We wrote back in January this year that the government was targeting Entrepreneurs' Relief (please see our article on this  here). This relief (which is now known as 'Business Asset Disposal Relief') was reduced from a £10m lifetime limit to a £1m lifetime limit for qualifying business disposals. In their report the OTS has recommended that the government should consider replacing Business Asset Disposal Relief with a relief more focused on retirement.

Much as we suggested back in January in  Entrepreneurs Relief on the Chopping Block, investors who currently qualify for Investors' Relief or Business Asset Disposal Relief (or both) should consider whether it would be worth triggering a taxable event now to ensure that they can benefit from the lower 10% rate. Indeed, even if investors have not yet held their shares for three years they may consider triggering a tax charge now in any event on the basis that a 20% charge would still be preferable to paying CGT at a rate aligned with income tax.

What should you do if you currently hold assets standing at a gain?

If the OTS recommendations (and, again, it is to be noted that they are independent recommendations and are not binding) are implemented then now might be the opportune time to consider crystallising your gains. The most obvious method to trigger a CGT liability would be to sell the asset which has increased in value, however this may not be practical or desirable in the timeframe or circumstances (particularly for individuals who are running their own businesses).

An alternative method of triggering the CGT charge would be to transfer the asset to another person (other than a spouse or a charity). The disadvantage to gifting assets in this way, for example to one's children, is that it will result in a 'dry' tax charge (meaning that there are no sale proceeds to actually fund the tax). Where the assets are shares in a company this could also result in control being transferred away from the donor which may not be practical or desirable.

A further alternative would be to transfer the assets on trust. Such a transfer amounts to a disposal for CGT purpose. Privately held business assets would most likely qualify for business property relief from IHT so that they would not be subject to the 20% IHT entry charge imposed on lifetime transfers to trust. The issue of the individual losing control could then be mitigated by the choice of appropriate trustees (which could include, in certain circumstances, the donor).

You should always bear in mind that investment decisions should not be led by the tax considerations alone and so you should proceed cautiously with appropriate advice before seeking to realise gains on your investments. The OTS review of CGT is just part of the government's response to coronavirus and we anticipate there are likely to be further changes to the tax regime. Please click  here to access an article to see some thoughts from earlier in the summer as to potential changes to the tax regime which could be introduced.

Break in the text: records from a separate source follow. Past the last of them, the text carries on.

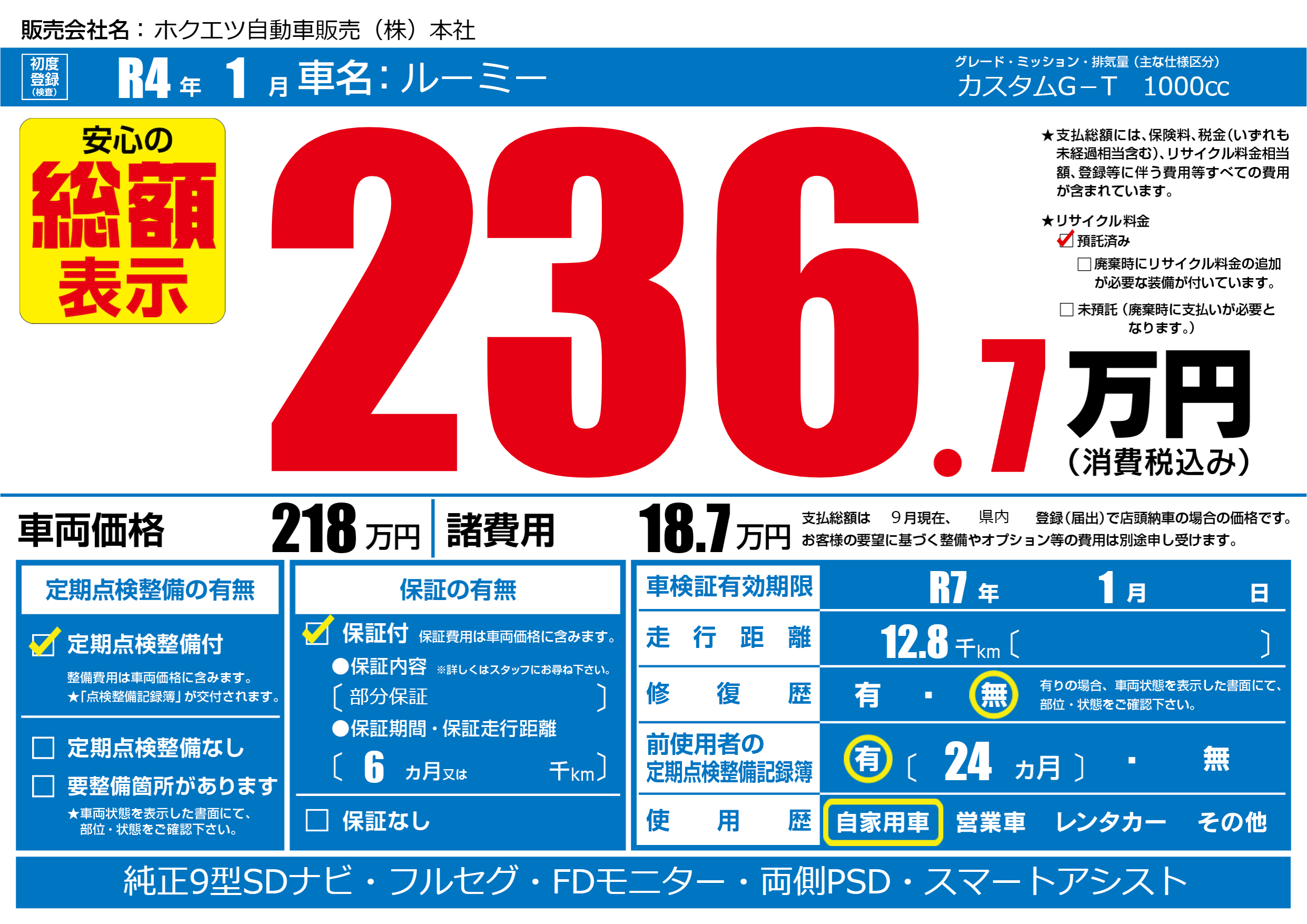 | 車名 | ルーミー | グレード ミッション 排気量 |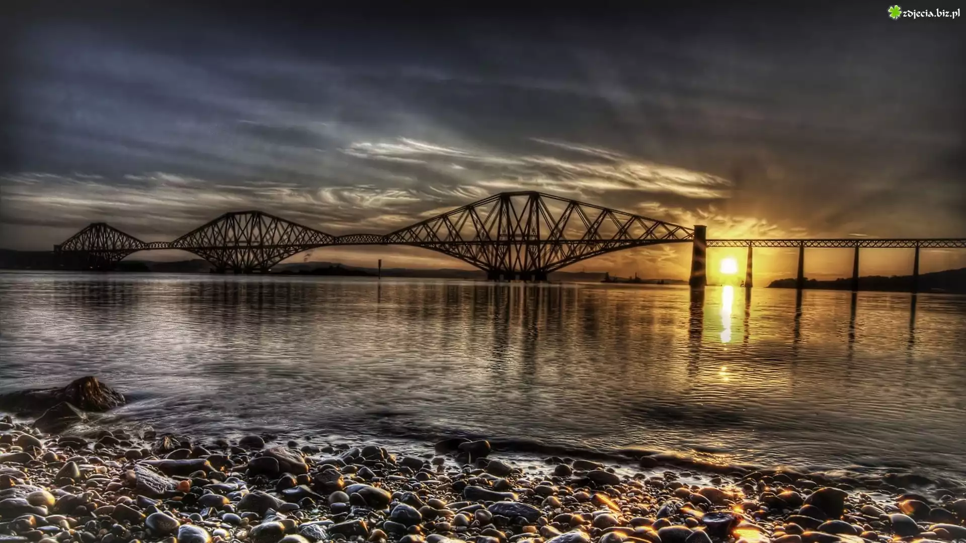 Zdjęcie Most, Rzeka, Zachód, Słońca, Kamienie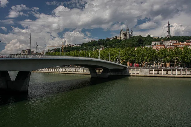 1: A bridge across the Saône, leading to Fourvière hill and the Basilica of Notre-Dame de Fourvière, as well as the Metallic Tower, which predates the Eiffel Tower by 3 years.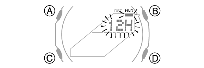 Appuyez sur le bouton (B) ou (D) pour sélectionner [12H] (indication de l’heure au 12 heures) ou [24H] (indication de l’heure au 24 heures).

The changes recommended by the OTS would impact wealthier taxpayers significantly, and are already proving unpopular with the Conservative government's core voter base. Resistance from traditional Conservative voters as well as the Party backbenchers, could well dissuade the Chancellor from implementing the recommendations and so, at this stage, there is still no certainty that any of the recommendations will be implemented.

However, given the wider political landscape and the need to raise significant finances to fund the Government's ongoing Coronavirus support package, it seems likely that we will see some changes to CGT coming in at the next Budget.

The content of this article is intended to provide a general guide to the subject matter. Specialist advice should be sought about your specific circumstances.